Korean Learning Progress

It’s been almost a month since I formally announced my plans to learn Korean, so now is as good a time as any to check in on how the mission is coming. I’ve been averaging several hours a day (usually most of the morning and a bit more in the late afternoon or evening) on Korean.

Apps

I’m two lessons short of finishing the tree on Duolingo, but it will be some time before I max out all the lessons to get all the “crowns.” Duolingo recently introduced a weekly leadership board, so that competitive element (to progress into the next league) has kept me motivated to do extra lessons everyday. Overall, I’m a bit bored of Duolingo.

I completely worked my way through one app called “Infinite Korean,” which drills up to 10 vocabulary items organized around topics (transportation, food, clothing, etc.) with a simple premise of picking the correct answer before the falling meteor hits the ground.

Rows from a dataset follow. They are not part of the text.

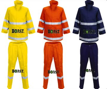 02款消防服衣料与特点:由防火表层,隔水层,隔热层和阻燃舒适里料组成,防撕破结构,隔水层具有优良的防水,耐温和透湿性能,隔热层和阻燃里料提供额外的阻燃和耐热热保护,口袋大保证携带容量;特殊设计的衣领、前牌封闭系统、袖口与裤脚口能有效防止火焰和热量直接与身体接触;肩袖一体化与护膝垫的设计更增加了衣服的强度耐用性和灵活机动性。采用Aramid永久性阻燃线缝制,安装优质进口阻燃反光带。此款战斗服由于防护性能可靠、重量较轻、价格中偏低而为许多专业消防机构选用.
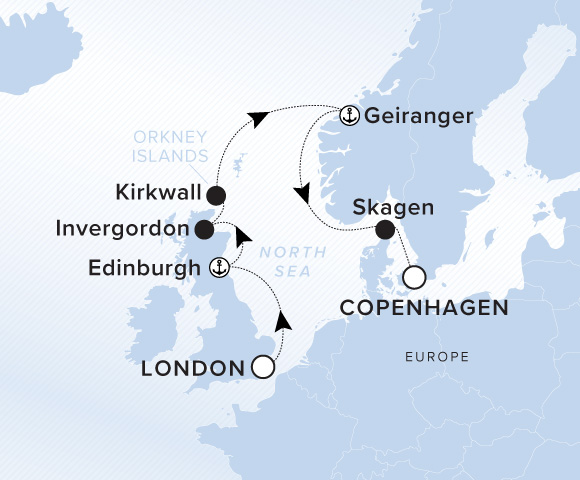 This journey combines the beauty of the Scottish Highlands with Norway’s spectacular fjords. Spend two days in Edinburgh exploring the capital’s Royal Mile before sailing for the atmospheric ruins of Urquhart Castle on the shores of Loch Ness near Invergordon. Then sip a dram of whisky at the Highland Park distillery in Kirkwall en route to the UNESCO World Heritage site of Geirangerfjord. In Måløy, the final port before Copenhagen, explore the city’s seaside by trying coasteering, or guided hopping and climbing along the scenic rocky shoreline.
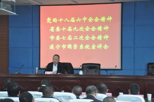 12月20日下午,遂宁市国资系统在市委党校南四楼会议室召开党的十八届六中全会、省委十届九次全会和市委七届二次全会精神宣讲会,市委宣讲团成员、市国资委主任蔡虹同志对中、省、市全会精神作了精彩宣讲,市国资委党委副书记、副主任刘泽斌同志主持会议。各区县、园区国资委(局、办)主要负责人、纪检组组长,党组织隶属市国资委党委管理的中、省在遂国有企业党组织主要负责人、纪检负责人、党群部主任、纪检监察室主任,各市属国有企业领导班子成员及中层以上干部,国资委机关全体干部职工参加了会议。
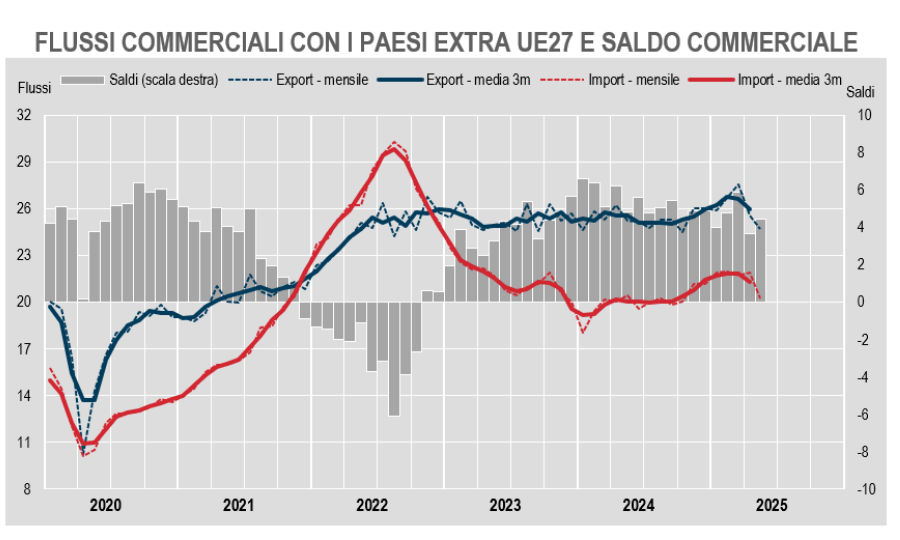 Export e import Italia extra UE: maggio 2025 in frenata
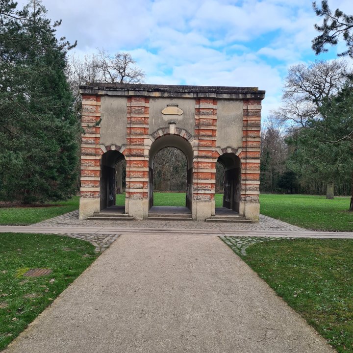Vous devez traverser le parc de la poudrerie dans sa partie Nord en suivant le GR. Ce parc est bâti sur un ancien site industriel de poudre à canon créé sous Napoléon III. Vous allez passer sur l autre rive du canal de L’ourcq qui sépare le parc en deux. Pour traverser la partie sud vous pouvez suivre le GR ou bien ma trace qui passe près du Beffroi. Il faudra sortir du parc par la porte Burlot sur le GR.
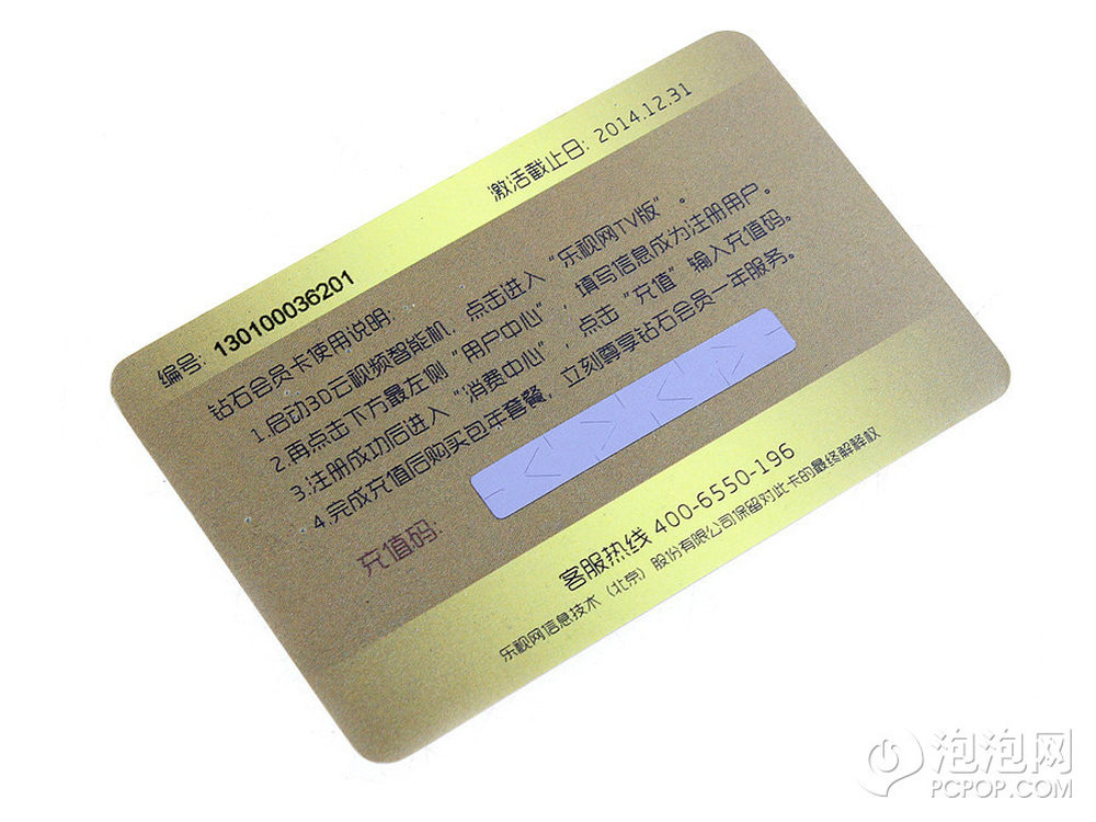 这是随机提供的一年内容服务账号卡。这张卡单独出售的价格是499元,对于乐视老用户的售价是399元。

I’m also 85% through Korean on Lingodeer, which I think I might wholeheartedly recommend. It does look like it is designed by professional language teachers with more use of textbook style grammar exercises and a very systemic step-by-step approach. Each lesson is a little bit easy because it focuses on 4 sample sentences that just keep coming up with different tasks.

Podcast

I’ve barely started Level 3 of Talk to Me in Korean because I am not spending hours everyday out and about. It looks like it goes up to level 10, and 1441 unplayed episodes in the podcast feed, I’m certainly not going to run out of content.

Textbook

I’m really hating the Chinese-Korean textbook I brought with me, and instead of doing a lesson a day, I’m only covering one chapter every couple of days. I need to review more and go through the audio at least a dozen more times. The textbook is good because I am reading more than a sentence at a time.

There was a Level 1A Korean textbook in a bookcase at the hostel. I devoured that in a couple days (as it was 90% review for me). It’s also the textbook I’ve pushed on the other newbie learners in the hostel.

Life

I’ve definitely reverted into my natural state of introversion, getting by with minimal verbal interaction. It doesn’t take much Korean to order an americano, especially when the barista asks you “hot or iced” in English, and when shopping at a mart you just look at the screen with the total and hand over money.

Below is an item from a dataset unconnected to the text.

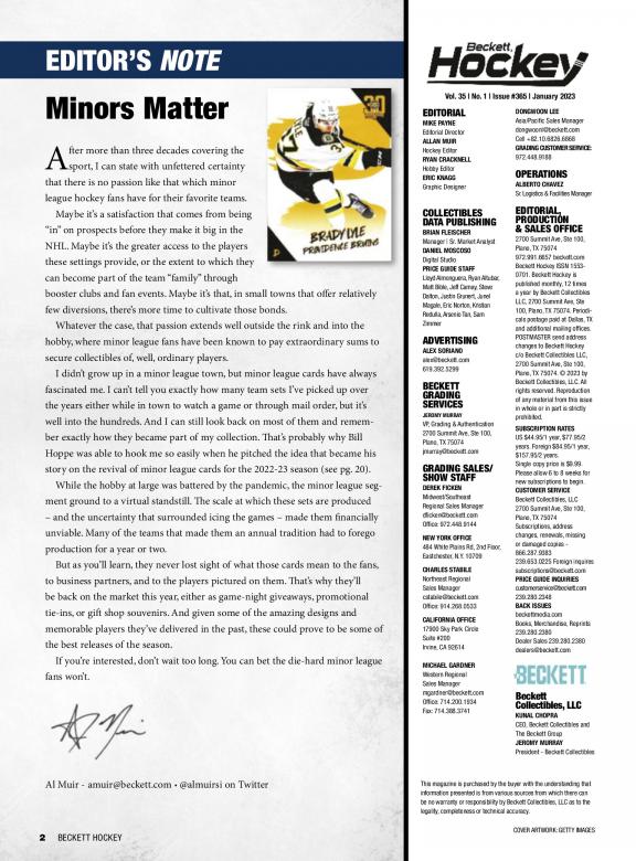 Beckett Hockey is a monthly magazine that features values on trading, including new releases. There are also articles on current trends, the latest releases and reviews of just-released products. Passionate readers use this magazine to find the worth of their cards, hot player and Rookie Cards to watch. Beckett Hockey is deal for longtime and novice collectors. Each issue has: • The Hockey Card Price Guide with more than 100 pages filled with values for past current releases. • The Hot List, a monthly guide with pricing and images for the top 20 hockey cards on the market • Articles with information on the latest trends and news in the hobby • Reviews of the latest hockey releases • Previews of upcoming products

I’ve got the Naver Korean-English dictionary app on my phone and if I am ever sitting around anywhere (such as a restaurant), I like to look up any words I see.

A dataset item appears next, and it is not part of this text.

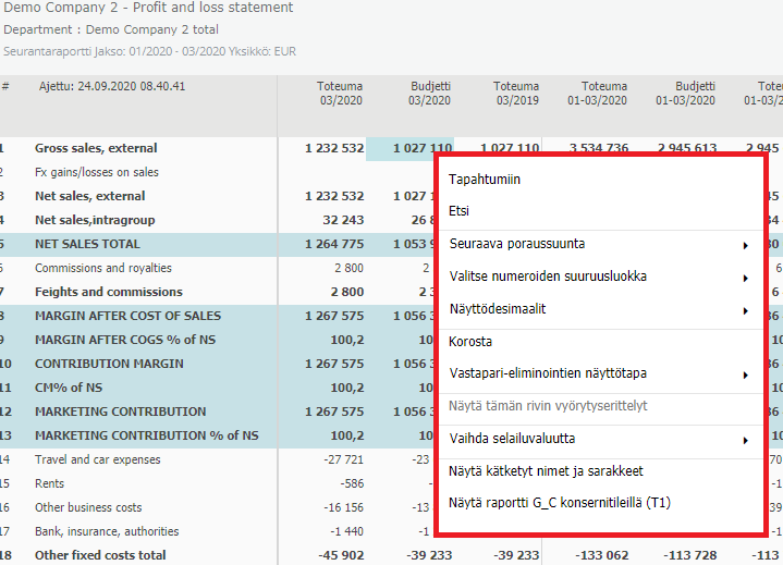 Tapahtumiin-valikosta päästään porautumaan valitusta solusta kirjanpidon tapahtumatasolle. Tästä lisää kohdassa Tapahtumaraportti.

I’d guess that I “know” somewhere between 500 and 1,000 words by now, but I actually want to get a lot more precise. I’ve been thinking about starting up a database in an Excel file, much like I did with Chinese. I’ve been copying vocabulary into a notebook, but it is very disorganized with lots of repetition of words. I do pull it out occasionally to review a page or two, but not enough. I think I might wait until I finish the two learning apps, but it will be good to build a master list of vocabulary for a number of reasons: review, typing practice, identification of common words, a more precise count of how many words I know (or at least should know at this point), and a basis for a possible integration of Korean resources into my Chinese database.

Though Korean is turning out to be harder than I thought (in terms of so many rules and exceptions to rules regarding grammar and pronunciation), not only am I still confident of my ability to leave here a fluent speaker, but also a teacher of Korean. I’m already planning a mini-textbook on learning how to read the Korean alphabet.